1. ФОРМУЛА ИЗОБРЕТЕНИЯ

   1. Способ ингибирования пролиферации клеток гладких мышц, включающий введение пациенту эффективного количества соединения (-)-цис-5,7-дигидрокси-2-(2-хлорфенил)-8-[4-(3гидрокси-1-метил)пиперидинил]-4Н-бензопиран-4-она (флавопиридола), причем указанное эффективное количество составляет менее 70%, предпочтительно менее 60%, или, в частности, менее 50% дозировки, которая была бы необходимой для подавления роста опухоли.
2. 2. Применение (-)-цис-5,7-дигидрокси-2(2-хлорфенил)-8-[4-(3 -гидрокси-1-метил)пиперидинил]-4Н-бензопиран-4-она (флавопиридола) для получения фармацевтического препарата для ингибирования пролиферации клеток гладких мышц, причем дозировка указанного соединения составляет менее 70%, предпочтительно менее 60%, или, в частности, менее 50% дозировки, которая была бы необходимой для подавления роста опухоли.
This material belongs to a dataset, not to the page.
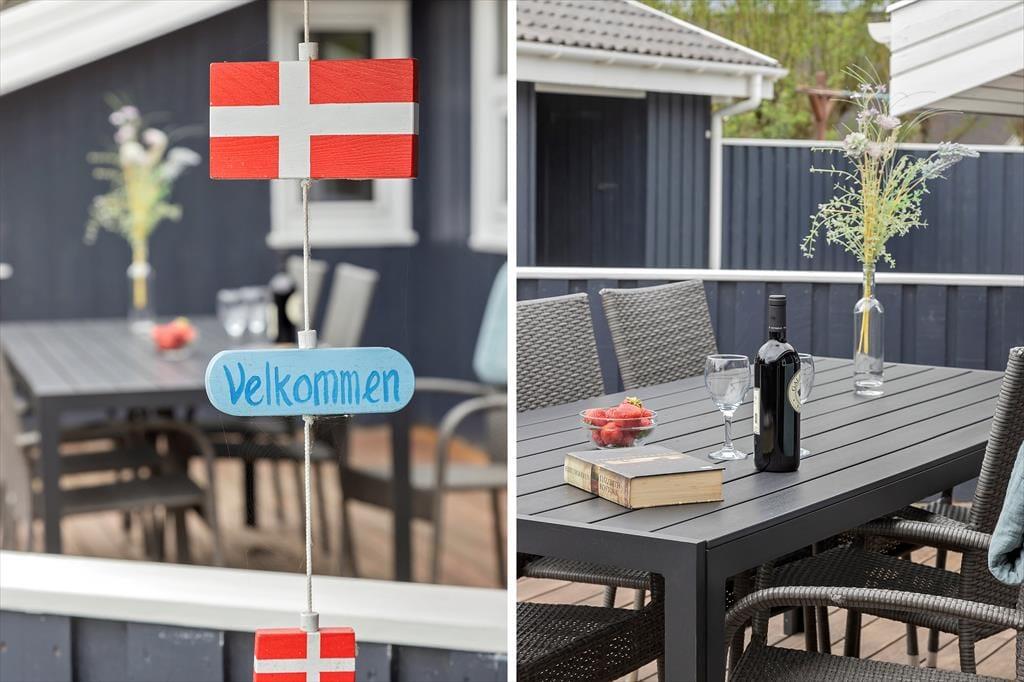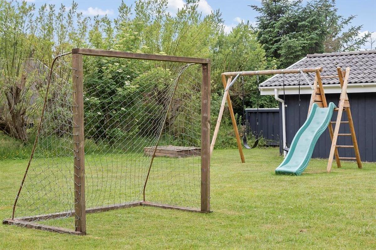 Im Freien lässt es sich auf dem 1450 m² großen Grundstück, das von Sträuchern und Bepflanzung zu den Nachbarn hin umgeben ist, sehr gut leben. Die Kiesauffahrt bietet Platz für mehrere Autos, und auf der Wiese könnt ihr euch so richtig austoben. Es gibt zwei Fußballtore, sodass die ganze Familie ihr Können mit dem Ball unter Beweis stellen kann. Für die Kinder gibt es einen Spielturm und eine Sandkiste. Wenn ihr lieber einfach entspannen möchtet, habt ihr die Wahl zwischen zwei geschlossenen Terrassen, sodass ihr bestimmt einen schönen Platz in der Sonne findet.

3. 3. Применение по п.2, при котором фармацевтический препарат предназначен для лечения повреждений сосудов, богатых клетками гладких мышц.
4. 4. Применение по п.2 или 3, при котором фармацевтический препарат предназначен для лечения повреждений после повреждений баллоном.
5. 5. Применение по п.2 или 3, при котором фармацевтический препарат предназначен для лечения пациентов после имплантации стента.